Published online by Cambridge University Press: 15 April 2023
This is the essence of secular stagnation – sick recoveries which die in their infancy and depressions which feed on themselves and leave a hard and seemingly immovable core of unemployment. (Extract from Alvin Hansen’s Presidential address to the American Economic Association, 1938, reproduced in the March 1939 issue of the American Economic Review)

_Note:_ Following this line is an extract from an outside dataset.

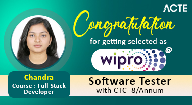 Hello, I am Chandra. I completed my Fullstack course at ACTE Technologies. From the moment I joined, I was impressed with the course structure and the practical exposure provided by the trainers. The trainers were professionals, offering real-world insights and guidance throughout. ACTE’s placement support helped me immensely, and soon after completing the course, I got placed as a Software Tester at Wipro. I want to extend my heartfelt thanks to ACTE Technologies for their valuable support and for helping me land my dream job.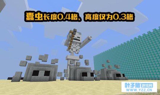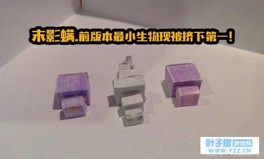 “末影螨”在前版本中是公认的全游戏最小生物!把它们放置在灵魂沙上蠹虫还有几率能够逃脱,但末影螨因为极其矮小的身材根本就挣脱不开,会被生生卡在灵魂沙上被直接闷死。从图中也能看出对比,两者的身高均为0.3格,但在长度上末影螨要小上0.1格,蠹虫明显看起来更长。但体型最小的生物现在已不是它,而是新版本中的生物,所以末影螨现在只能排在第二! 第一名—小海龟

This final chapter focuses on three interrelated themes. The first section considers, with particular reference to the UK, the nature of the recovery now under way in many Western countries in the wake of the Great Recession. The second takes stock of what, if anything, has been done about the ‘too big to fail’ banks. And the third section asks whether the crisis is really over.
A slow recovery
Several years on from the crash, and it is clear that there has been a return to growth in much of the Western world, including the US, UK, and even the Eurozone.1 The recovery has been slow in coming, and there may well be an underlying reason for this, as set out below.
But the nature and timing of recovery also depends on country-specific factors, and this is a task for specialists to comment on and evaluate. I confine myself here to presenting some data relating to the nature of the recovery occurring in the country with which I am most familiar, the UK.
At the time of writing (September 2015), what I think can best be described as a fragile recovery has been in place in the UK for some two-and-a-half years, with economic output at last surpassing its precrisis peak, and unemployment falling to 1.91 million, or 5.8 per cent of the adult population, in the three months to the end of November 2014, according to the ONS. When the great financial crash hit, the unemployment rate was a little over 5 per cent, or 1.6 million. Towards the end of 2009, it was almost a million higher, at 2.5 million, or 8 per cent. Unemployment peaked at almost 2.7 million at the end of 2011.
The pain of the recession has also been spread widely through lower wages,2 although real wages, too, were 1 per cent higher in the final quarter of 2014 than a year earlier.